**EXERCISE PROMPT:** From the records below, print only the part that opens with the line containing "Figure 4. The" and closes with the line containing "- الشماغ يحمل"; omit the pictures.

**DATA LISTING:**
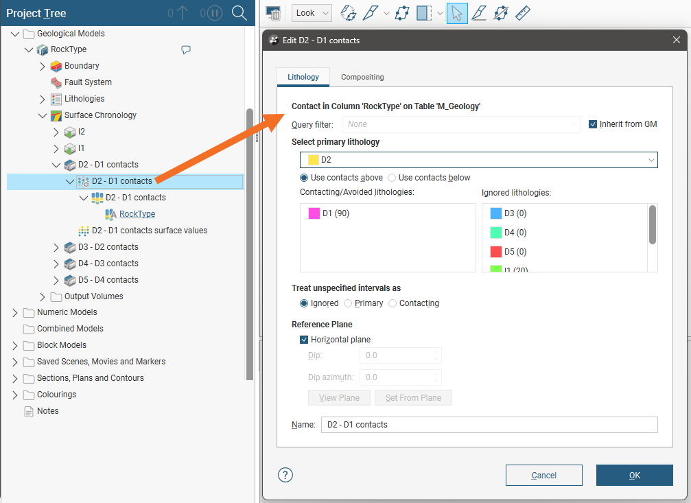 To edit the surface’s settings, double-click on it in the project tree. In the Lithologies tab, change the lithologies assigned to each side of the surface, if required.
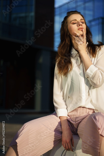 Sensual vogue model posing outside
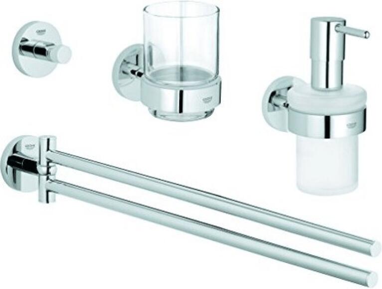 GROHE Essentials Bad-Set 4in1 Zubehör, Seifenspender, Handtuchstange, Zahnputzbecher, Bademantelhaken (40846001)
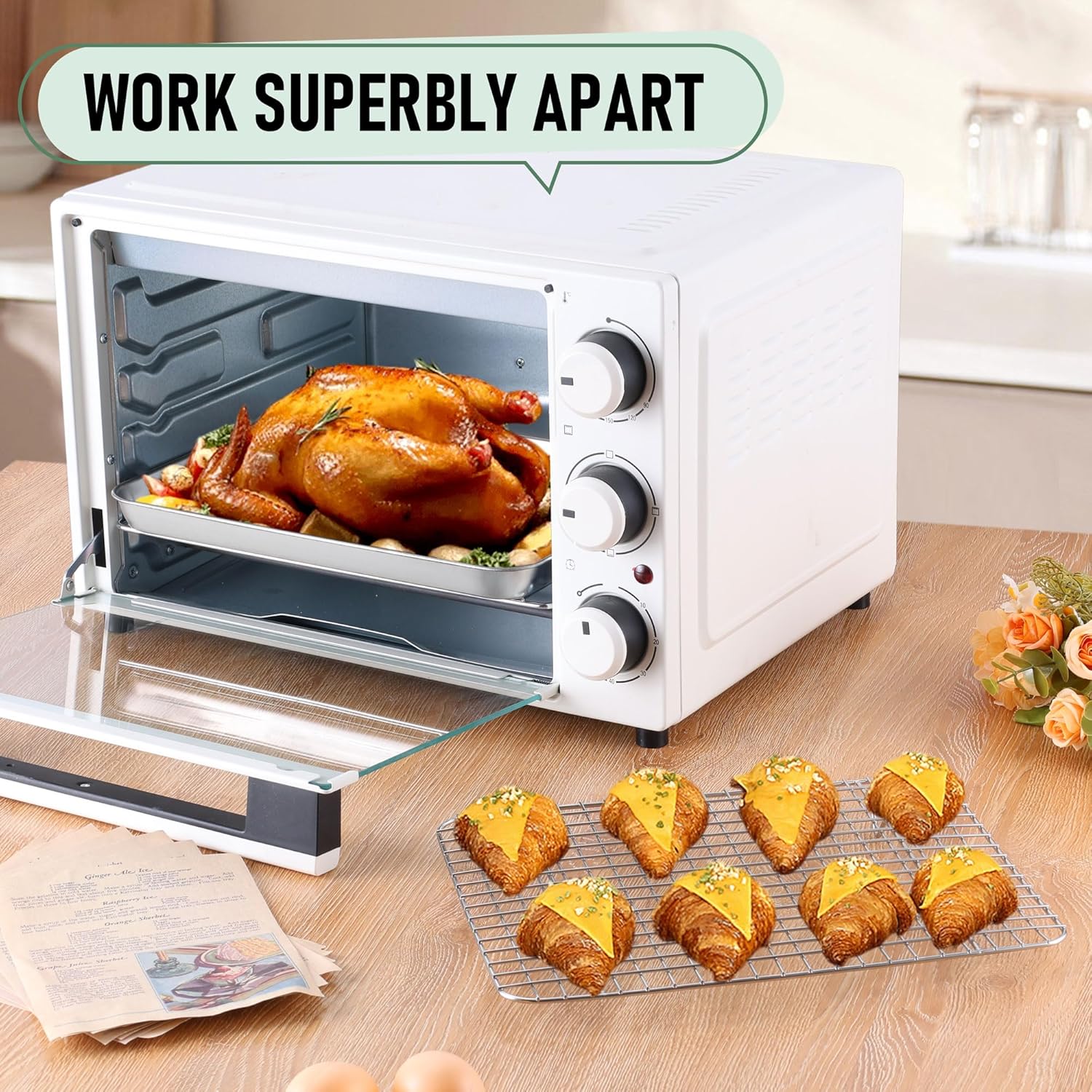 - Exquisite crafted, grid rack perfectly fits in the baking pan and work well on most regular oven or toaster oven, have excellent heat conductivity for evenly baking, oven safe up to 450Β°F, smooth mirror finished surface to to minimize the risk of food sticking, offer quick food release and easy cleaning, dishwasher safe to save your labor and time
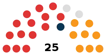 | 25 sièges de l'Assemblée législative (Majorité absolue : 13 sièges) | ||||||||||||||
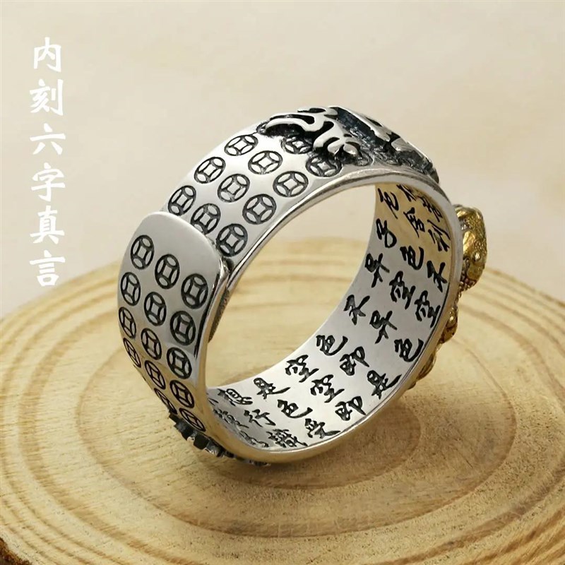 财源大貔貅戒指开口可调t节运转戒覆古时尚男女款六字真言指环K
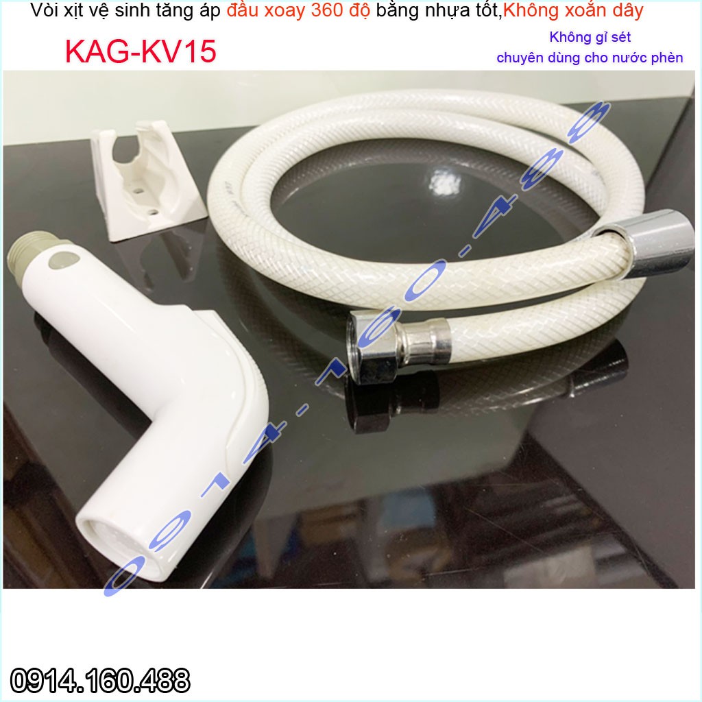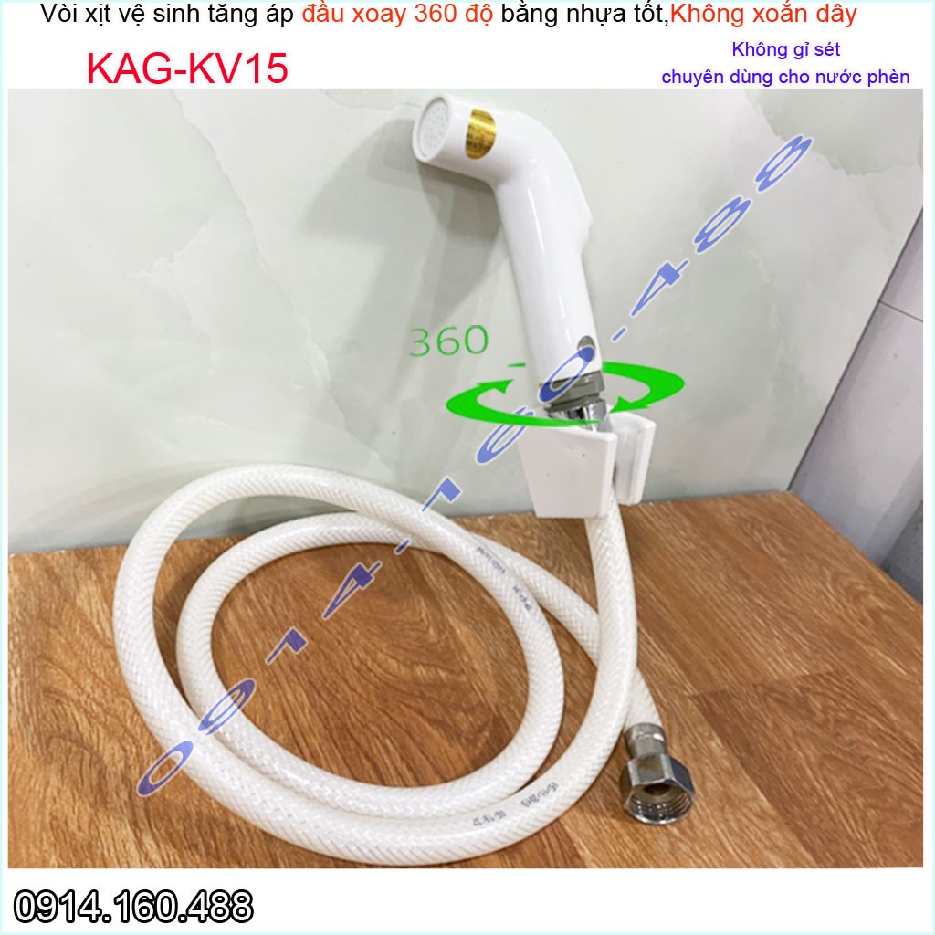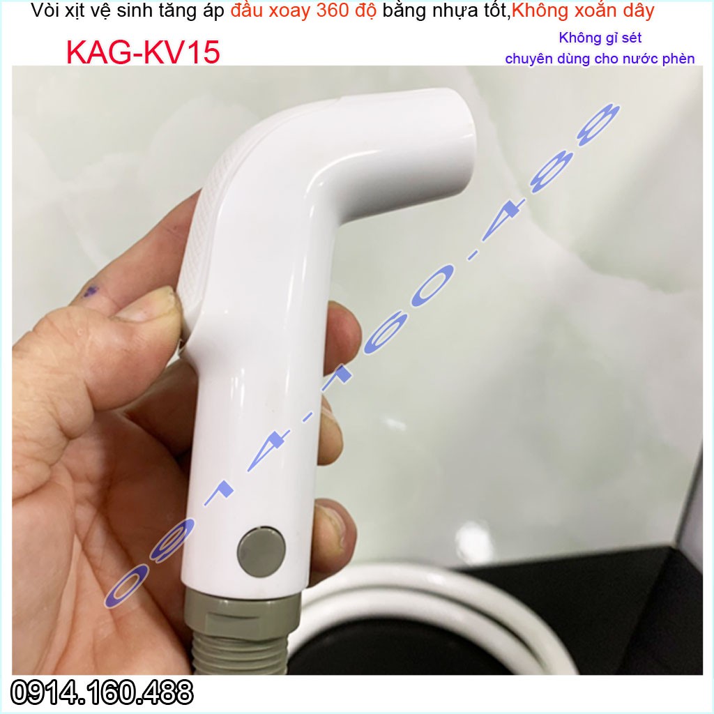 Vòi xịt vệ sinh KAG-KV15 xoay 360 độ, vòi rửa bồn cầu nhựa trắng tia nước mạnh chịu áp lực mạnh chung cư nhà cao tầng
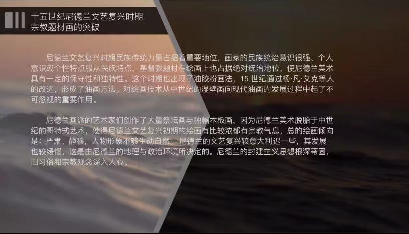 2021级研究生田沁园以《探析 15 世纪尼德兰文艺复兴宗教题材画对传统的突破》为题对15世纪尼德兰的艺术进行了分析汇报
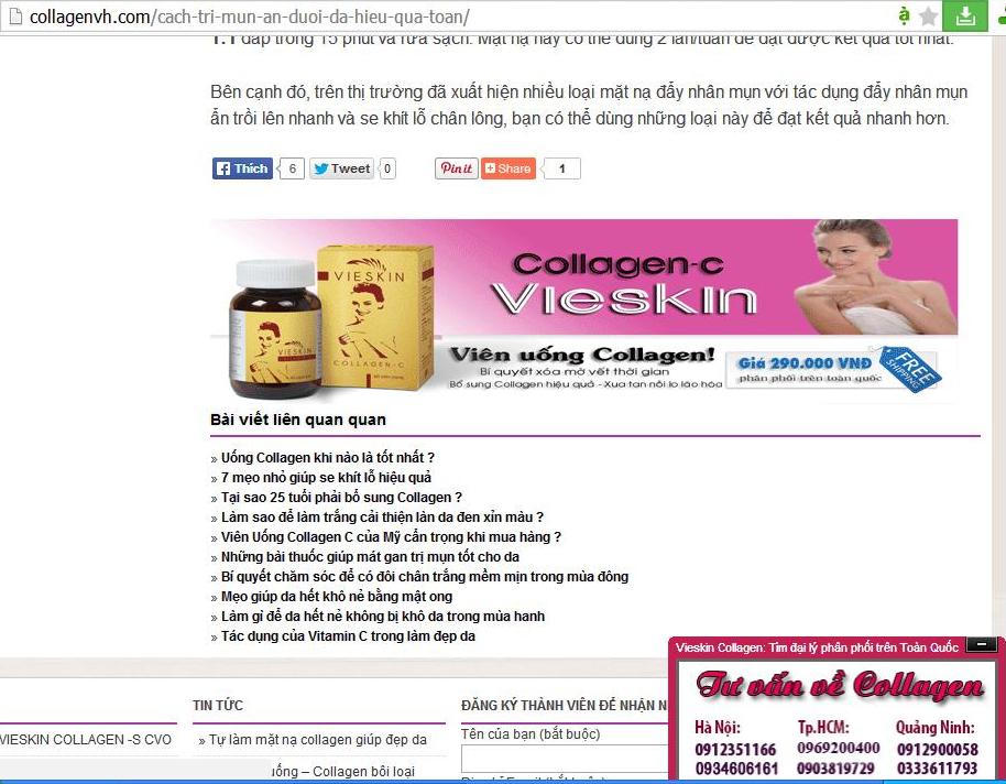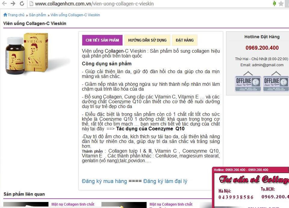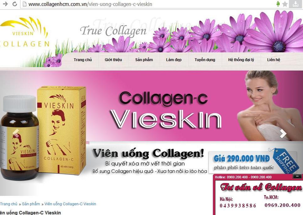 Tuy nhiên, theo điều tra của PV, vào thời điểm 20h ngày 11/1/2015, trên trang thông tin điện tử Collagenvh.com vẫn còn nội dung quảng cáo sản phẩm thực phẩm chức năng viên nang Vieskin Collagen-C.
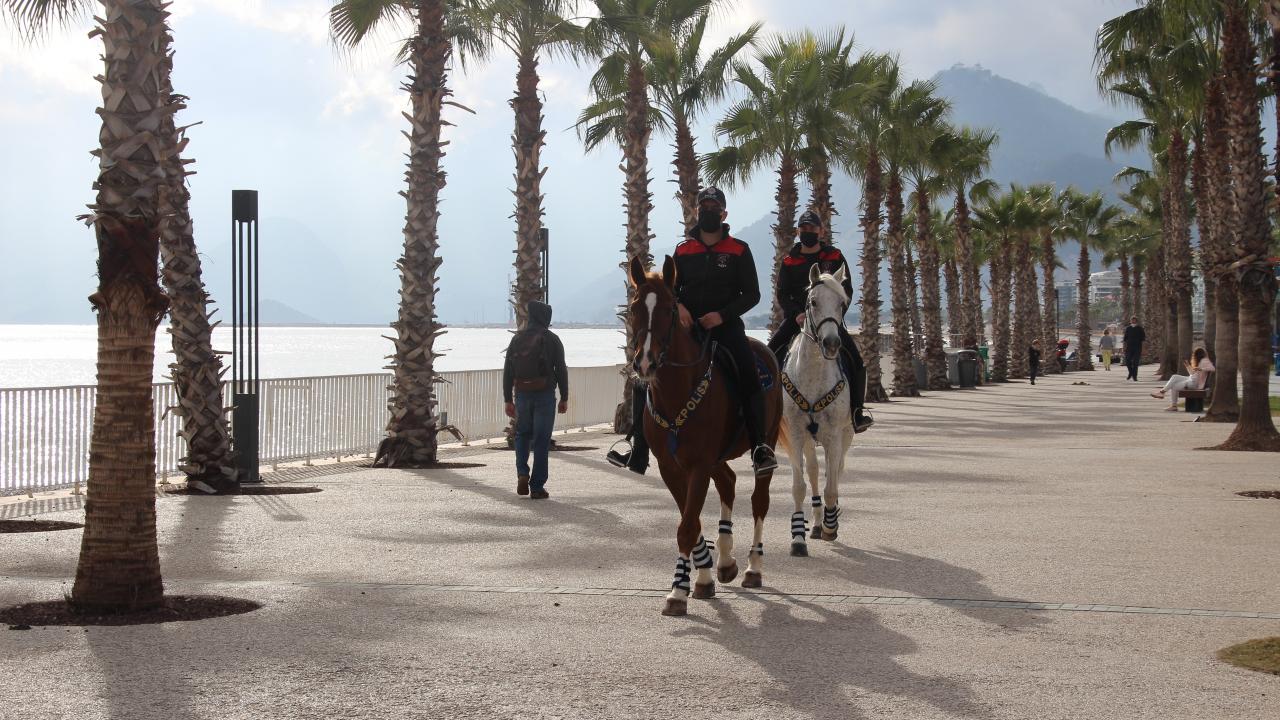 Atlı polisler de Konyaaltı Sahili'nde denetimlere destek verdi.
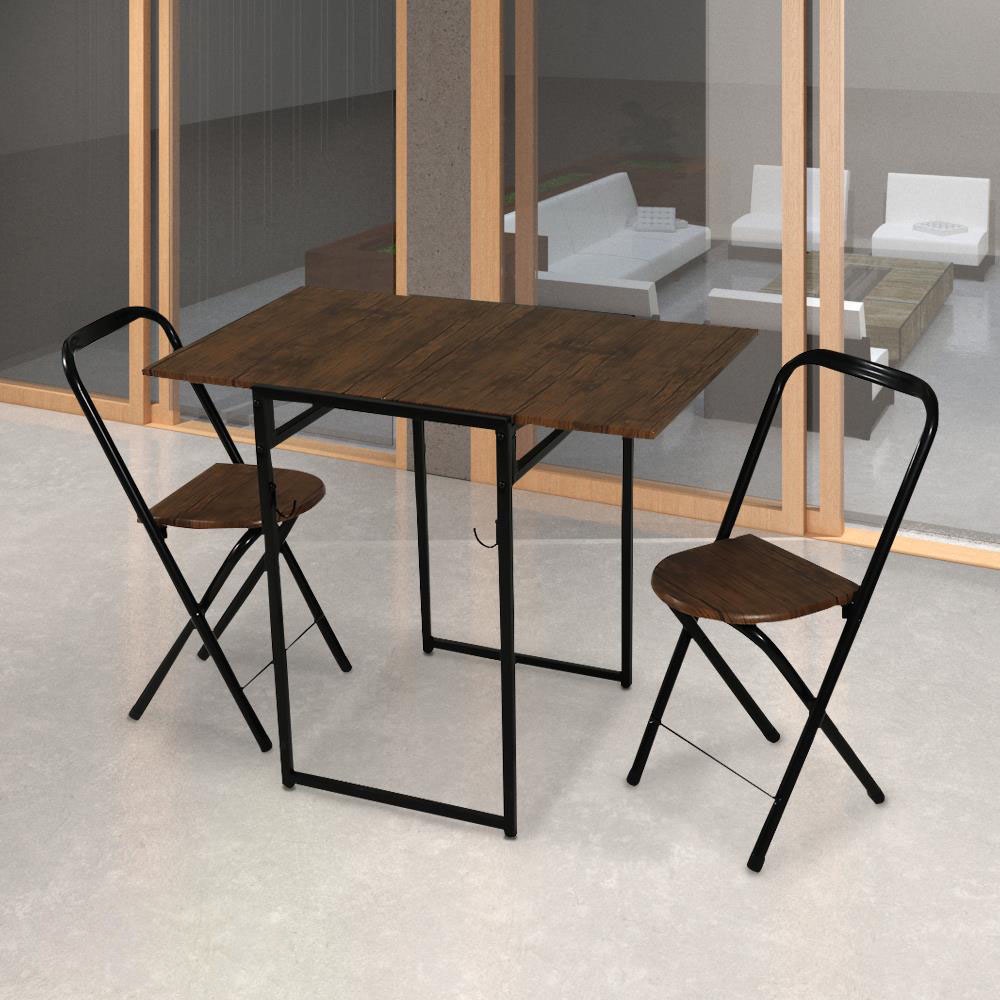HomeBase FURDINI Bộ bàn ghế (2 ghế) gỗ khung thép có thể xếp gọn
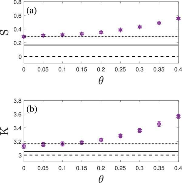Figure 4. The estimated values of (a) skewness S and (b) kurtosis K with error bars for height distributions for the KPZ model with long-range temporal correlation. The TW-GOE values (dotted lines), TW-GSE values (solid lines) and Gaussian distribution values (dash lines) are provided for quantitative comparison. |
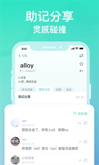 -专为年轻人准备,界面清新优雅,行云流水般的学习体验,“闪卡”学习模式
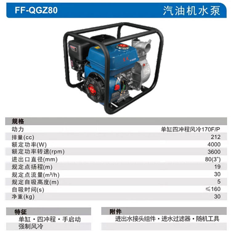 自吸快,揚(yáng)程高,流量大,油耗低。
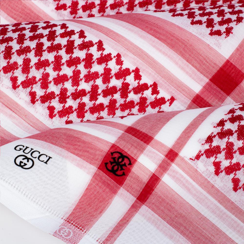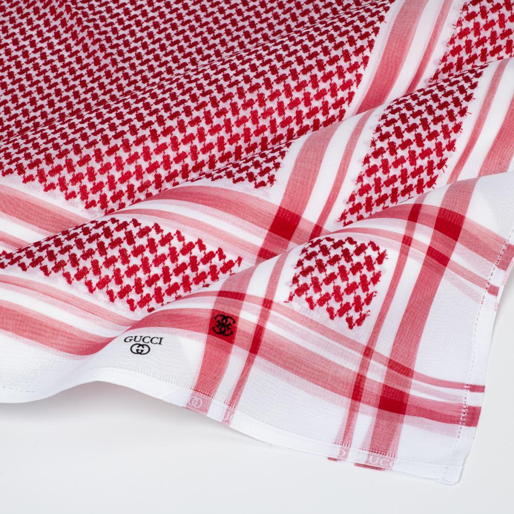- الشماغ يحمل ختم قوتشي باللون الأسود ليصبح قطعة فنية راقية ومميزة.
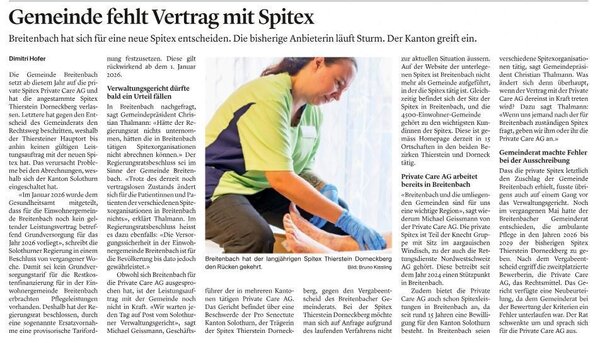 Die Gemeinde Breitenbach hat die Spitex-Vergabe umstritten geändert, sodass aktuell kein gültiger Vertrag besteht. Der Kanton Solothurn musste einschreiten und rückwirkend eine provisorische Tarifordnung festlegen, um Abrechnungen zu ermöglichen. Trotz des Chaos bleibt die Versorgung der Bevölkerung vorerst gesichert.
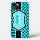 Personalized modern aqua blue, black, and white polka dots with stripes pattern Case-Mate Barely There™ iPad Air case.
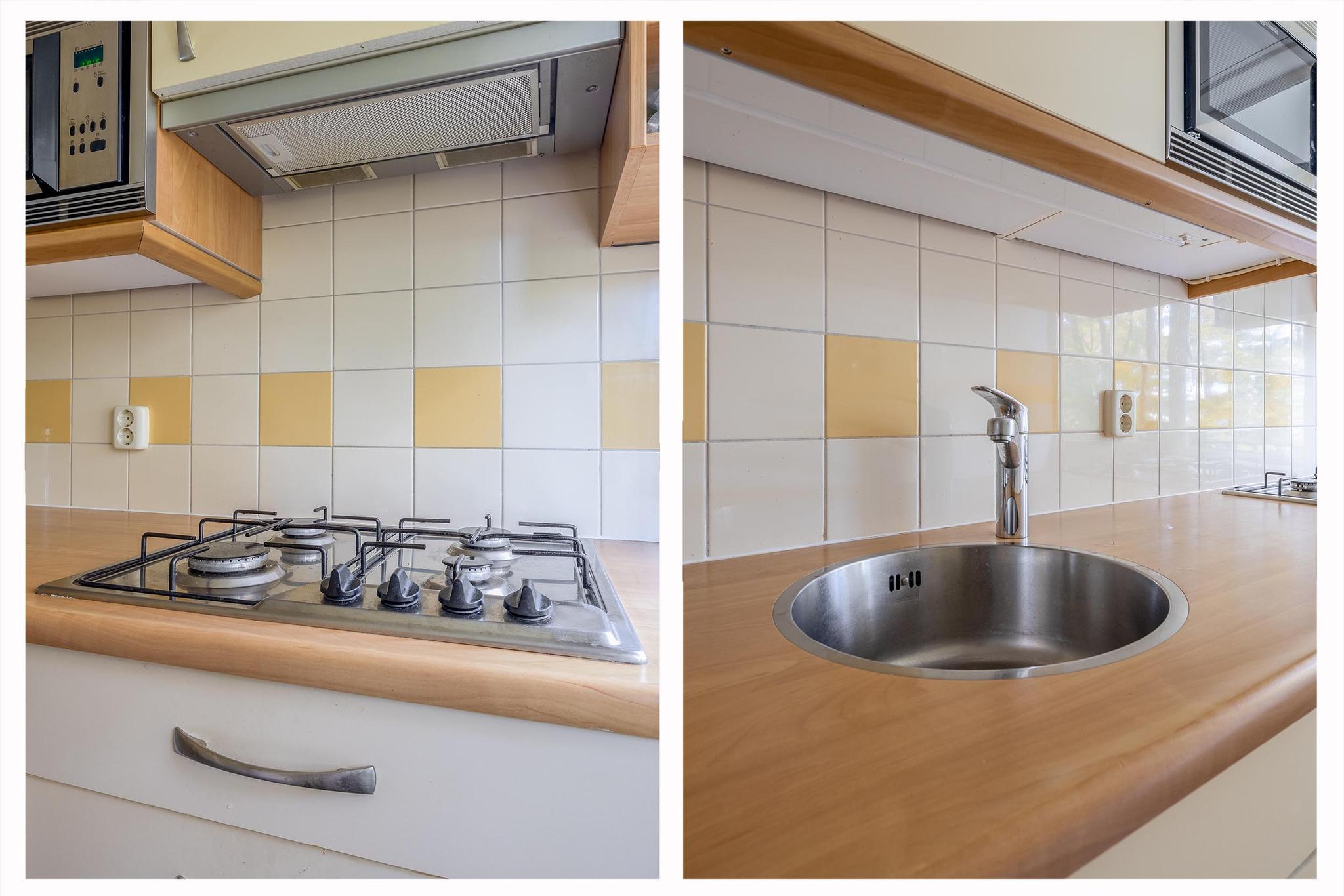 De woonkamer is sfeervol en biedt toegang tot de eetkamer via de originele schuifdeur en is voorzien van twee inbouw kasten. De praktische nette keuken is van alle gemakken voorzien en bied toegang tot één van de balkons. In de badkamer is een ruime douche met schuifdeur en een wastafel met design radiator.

**EXERCISE RESPONSE:**
Figure 4. The estimated values of (a) skewness S and (b) kurtosis K with error bars for height distributions for the KPZ model with long-range temporal correlation. The TW-GOE values (dotted lines), TW-GSE values (solid lines) and Gaussian distribution values (dash lines) are provided for quantitative comparison. |
 -专为年轻人准备,界面清新优雅,行云流水般的学习体验,“闪卡”学习模式
 自吸快,揚(yáng)程高,流量大,油耗低。
- الشماغ يحمل ختم قوتشي باللون الأسود ليصبح قطعة فنية راقية ومميزة.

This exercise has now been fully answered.